# A bit confused on cycling a new shrimp tank.



## Burks (May 25, 2006)

I want to do a 10g planted shrimp tank and have been researching how to do so. I know how to cycle a regular tank with and without fish so that's no problem. There have been two ways I've read it being done.

#1. Cycle the tank like you would with a regular planted fish tank. Plant the plants and then add hardy fish or just do a fishless cycle. Remove fish after tank is cycled, replace with shrimp.

#2. Plant the plants and add shrimp a few weeks later. The plants will do the biofiltration until the bacteria takes hold.

Which would be the best bet? The tank will be fairly well planted with fast growing WS, some moss, Nana, HC, etc. Just kind of sitting here scratching my head as to which is the preferred method here or if there is another way.

Edit: While we're on the subject. How do you keep the substrate clear of shrimp waste? I'd hate to gravel vac one up!


----------



## wiste (Feb 10, 2006)

I would do #1 with some feeder guppies allowing 4 to 6 weeks and then remove the fish.



> How do you keep the substrate clear of shrimp waste?


Establish a thick plant carpet.


----------



## Shrimp&Snails (Mar 27, 2006)

I would go for a fishless cycle, adding a small pinch of fish food daily.

If you can get hold of some filter sponge from an established tank you can speed up or even avoid the cycling process. I filled up a 10g with 25% tank water and 75% treated water and added filter sponge from my established 10g and never had any rise in ammonia and nitrite. Your lfs will give you some sponge from one of their filters if you can't get it from anywhere else.

Grab some water testers to keep an eye on things.

Shrimp only need to be lightly fed and will scurry along the floor eating poo. Sand substrates are great because the poo stays on top rather than sinking into the gravel. When there's quite a bit of poo on the sand I use a turkey baster to remove it without any risk to my shrimplets.

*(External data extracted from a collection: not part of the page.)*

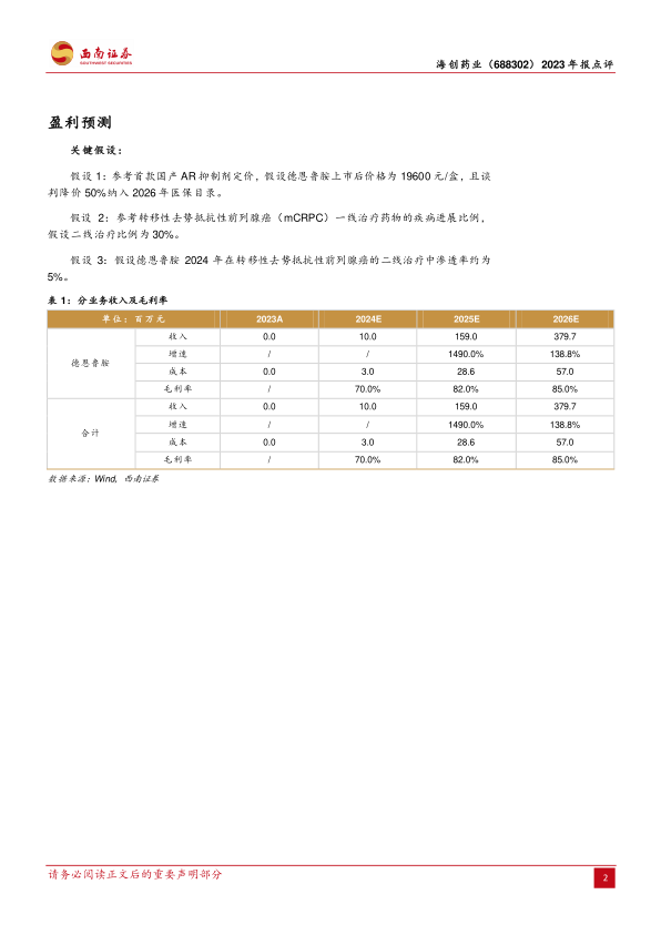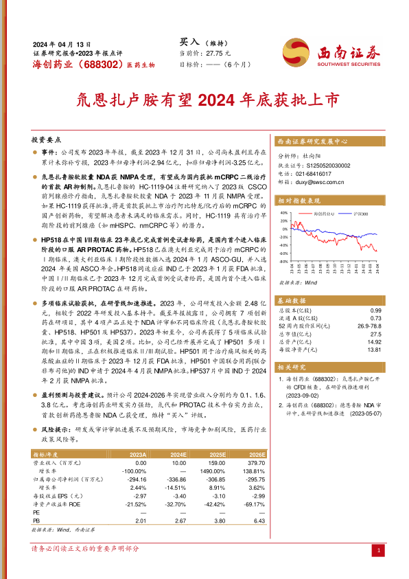 海创药业2023年报显示公司目前仍处于亏损状态,但研发管线进展顺利,尤其是氘恩扎卢胺有望在2024年底获批上市,HP518的临床试验也在加速推进。考虑到公司在氘代和PROTAC技术平台上的优势,以及首款创新药的潜力,西南证券维持对海创药业的“买入”评级,但同时也提示了研发风险、市场竞争风险和政策风险。
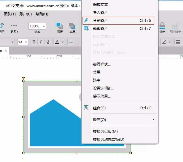 4、在Axure中提供了图像分割功能。选中图片,右键|分割图片
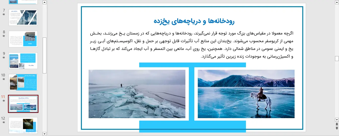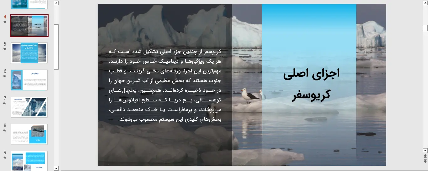 کریوسفر یک سیستم پویا و در حال تغییر است که رفتار آن مستقیماً بر حیات انسان و محیط زیست تأثیر میگذارد. برای آموزش موثر، انتقال اطلاعات علمی و دادههای پیچیده مربوط به این حوزه، استفاده از اسلایدهای حرفهای که با یک پاورپوینت کریوسفر قابل دسترسی هستند، بهترین راهکار خواهد بود.
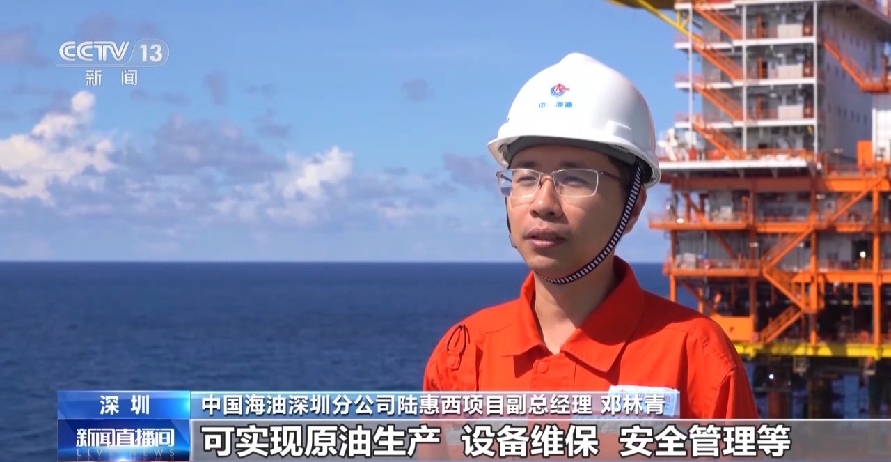 中国海油深圳分公司陆惠西项目副总经理邓林青:平台应用多项数字化工艺,可实现原油生产、设备维保、安全管理等多个场景的智能化,较传统项目增设智能一体机与中央控制系统,组成“双大脑”结构,可对智能仪表和机械设备进行健康管理,减少人为干预,使远程操作更加智能可靠。
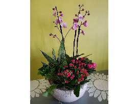 Enjoy this English Garden in a ceramic planter with pink orchid, kalanchoe, snake plant.
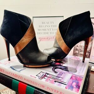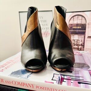 BCBGMAXAZRIA Black and Bronze Leather and Suede Platform Peeptoe Booties, 7 1/2
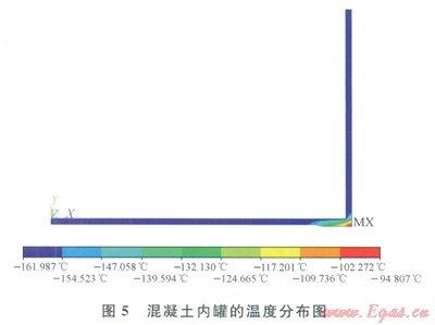 在正常運行條件下,LNG蒸發(fā)氣與LNG共存,LNG儲罐的環(huán)境溫度在-162℃附近,由ANSYS模擬可確定,對于0.8m厚的罐壁,穩(wěn)定后內(nèi)罐外表面的溫度在-159℃附近。內(nèi)罐整體被凍透,所以不考慮凍融的影響。內(nèi)罐底板與罐壁的溫度分布如圖5示。
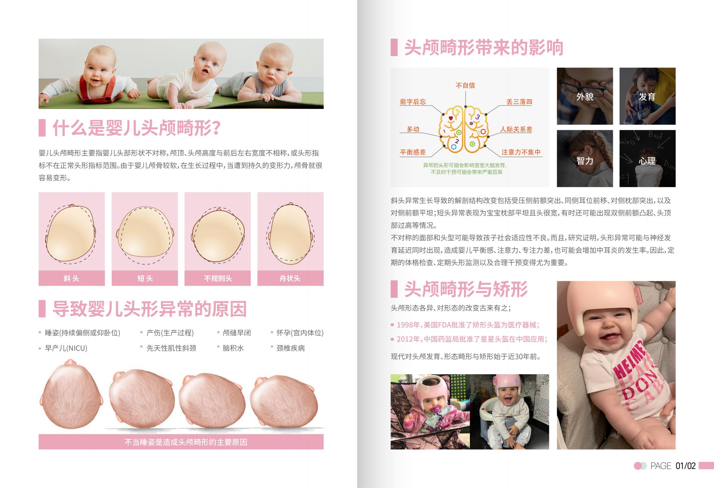 適用于3-18個(gè)月之間的嬰幼兒,通過給嬰幼兒頭部接觸部位一定的壓力,預(yù)防或治療先天性或后天發(fā)生的非對稱或斜頭癥及短頭癥。

Best of luck....I love setting up new tanks.


----------



## Neon Shrimp (Apr 26, 2006)

You can go with a turkey baster like Shrimp&Snails does or you can put a net mess over the inlet of the gravel cleaner. Whatever works best for you. Please keep us updated with the outcome of you new tank .


----------



## Burks (May 25, 2006)

The gravel I plan to you is rather fine. Pretty close to Eco-Complete, not like that "stone" gravel a lot of stores sell.

I like the used sponge idea along with the treated water. With a 14g hex and 10g tank, I have pleanty of water to spare.

Guess I'll do that and maybe do the guppy thing, or another hardy fish. My 14g looks bare with only 4 long fin zebra danios anyways!

Turkey baster - The MacGyver tool of trade for the aquarium owner. What can't it do?


----------



## PlantsAndMe (Apr 3, 2005)

Whoa this may sound weird to you guys but I never cycled any of my tanks.... I simply add water and then the livestock. I did the same with my shrimps in the 10 gallon tank and nothing bad happen and no death occurred. Just my two cents


----------



## DataGuru (Mar 11, 2005)

I just moved about half my cherry shrimp into a natural planted tank. No cycling or vacuuming needed.


----------



## erijnal (Apr 5, 2006)

It's generally accepted that adding livestock to a moderately/heavily planted tank is safe. Plants will utilize ammonia and nitrite to get at some nitrogen.


----------



## raven_wilde (Nov 16, 2005)

erijnal said:


> It's generally accepted that adding livestock to a moderately/heavily planted tank is safe. Plants will utilize ammonia and nitrite to get at some nitrogen.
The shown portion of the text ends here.